Is it safe to call seedClient on every request/boot? Yes — it skips tables that already have rows. Call it once at module scope in your server-only lib/fakebase.ts.

Will it overwrite my real data? It only ever inserts, and skips non-empty tables unless you pass force: true. It is a dev/prototype tool — never point it at production.

Can I generate realistic relationships (e.g. 3–7 posts per user)? Not yet — v1 assigns foreign keys uniformly at random. Each child row references a random existing parent.
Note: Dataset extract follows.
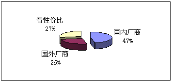 。5)向誰購買:鑒于國內(nèi)并沒有知名度很高的CRM實施廠商,而國外的著名廠商在國內(nèi)的品牌宣傳也不足,所以我們的調(diào)查表中只設(shè)了:國內(nèi)廠商、國外廠商和根據(jù)性價比進行選擇三個項目,與購買能力對照,預(yù)期實施金額在100萬以下的企業(yè),一般側(cè)重國內(nèi)廠商,而實施金額在100萬以上企業(yè)則側(cè)重國外企業(yè)。

How do I get the same data as a teammate? Use the same seed (set seedGen.seed in config). Same schema + same seed ⇒ identical rows.

Constraints & limitations

Unique columns are kept distinct (bounded collision-retry).
Nullable columns can be set to null via nullRate.
Foreign keys always reference a real parent row; a nullable FK with no available parent becomes null.
Reference cycles are tolerated — the cyclic edge is filled with null on first insert, so a required FK cycle cannot be fully satisfied (make one side nullable).
Enum columns require the enum to be present in the schema. When your schema comes from SQL migrations, CREATE TYPE … AS ENUM is parsed automatically.

The export path

Generated data flows straight to a real Supabase project: fakebase seed gen writes supabase/seed.sql, which Supabase loads on supabase db reset / db push. See the migration guide for the full local-to-production path.